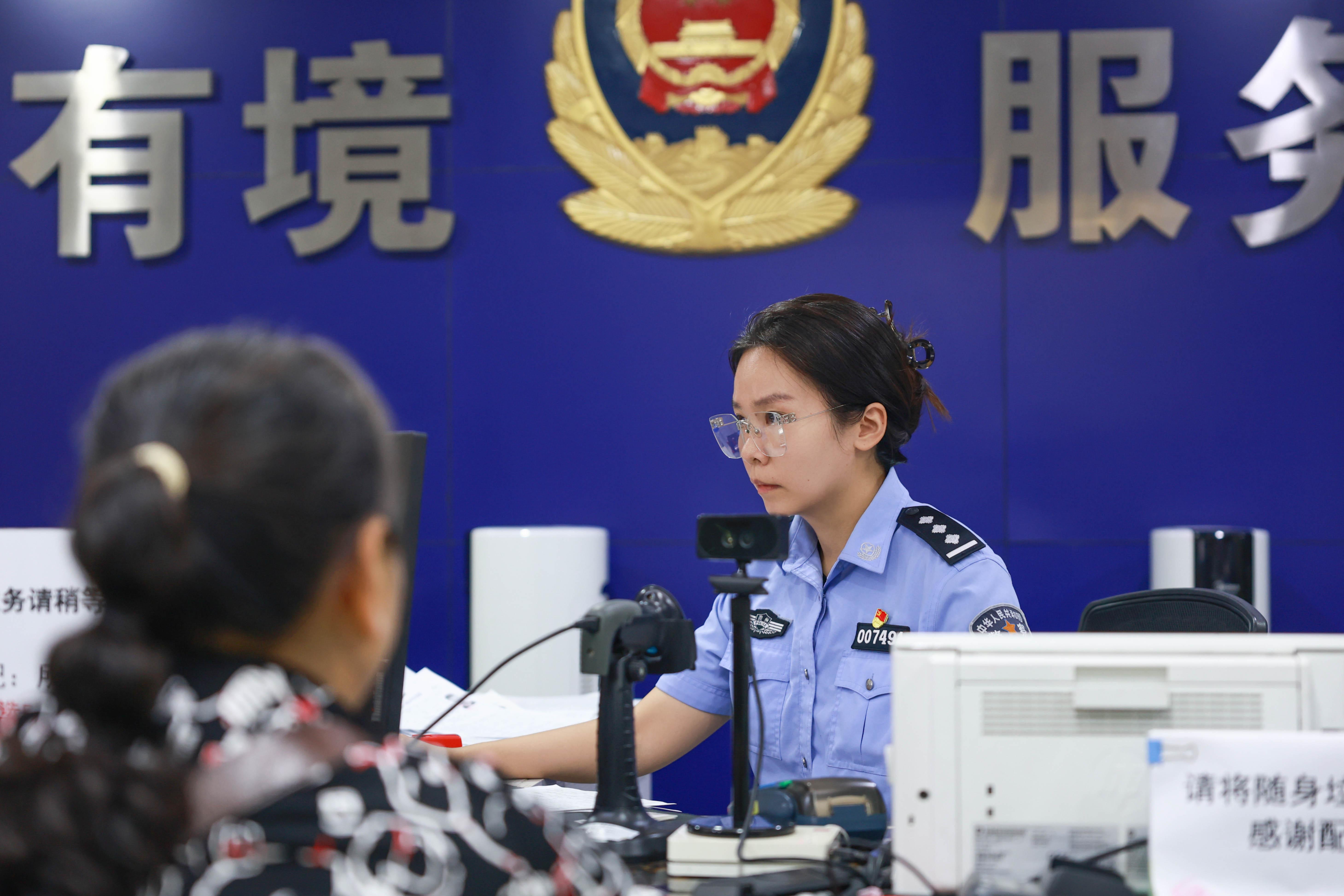 圖為出入境管理民警在為群眾辦理業(yè)務(wù)。
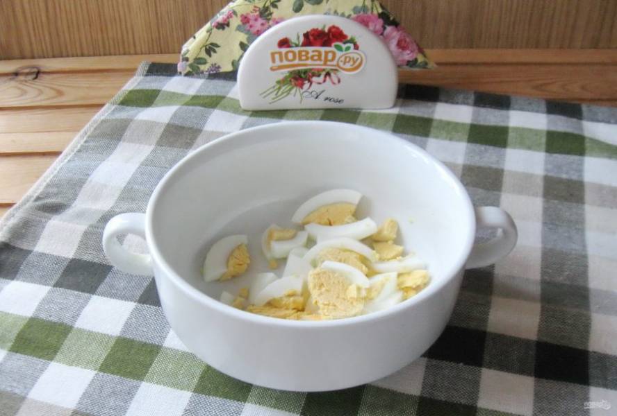 Яйца сварите вкрутую, охладите, очистите и мелко нарежьте. При подаче выложите яйцо в тарелку.
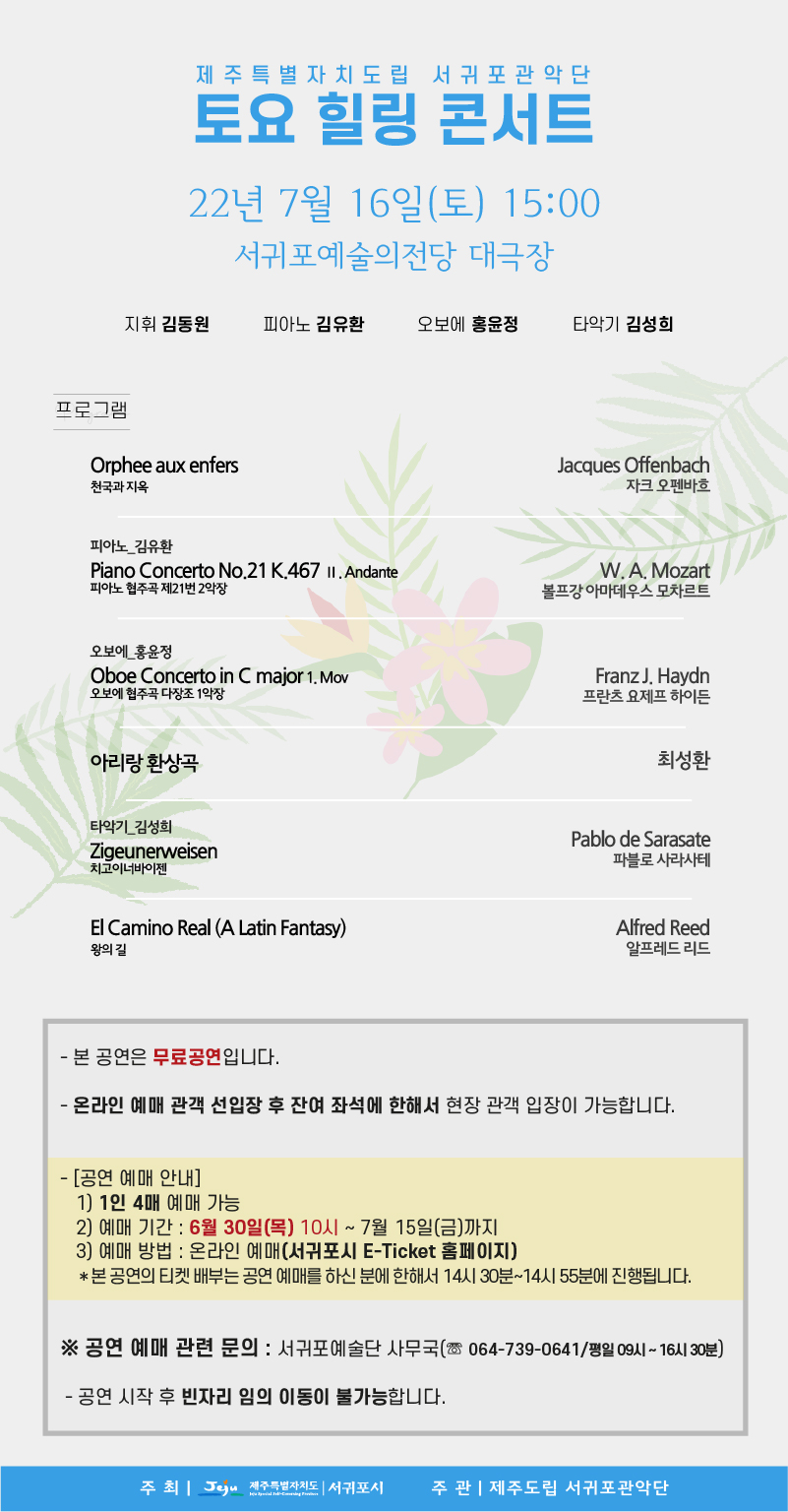 제주특별자치도립 서귀포관악단 7월 토요 힐링 콘서트

Exercise:
Once the pictures are removed, output the remaining material exactly.

Written solution:
 圖為出入境管理民警在為群眾辦理業(yè)務(wù)。
 Яйца сварите вкрутую, охладите, очистите и мелко нарежьте. При подаче выложите яйцо в тарелку.
 제주특별자치도립 서귀포관악단 7월 토요 힐링 콘서트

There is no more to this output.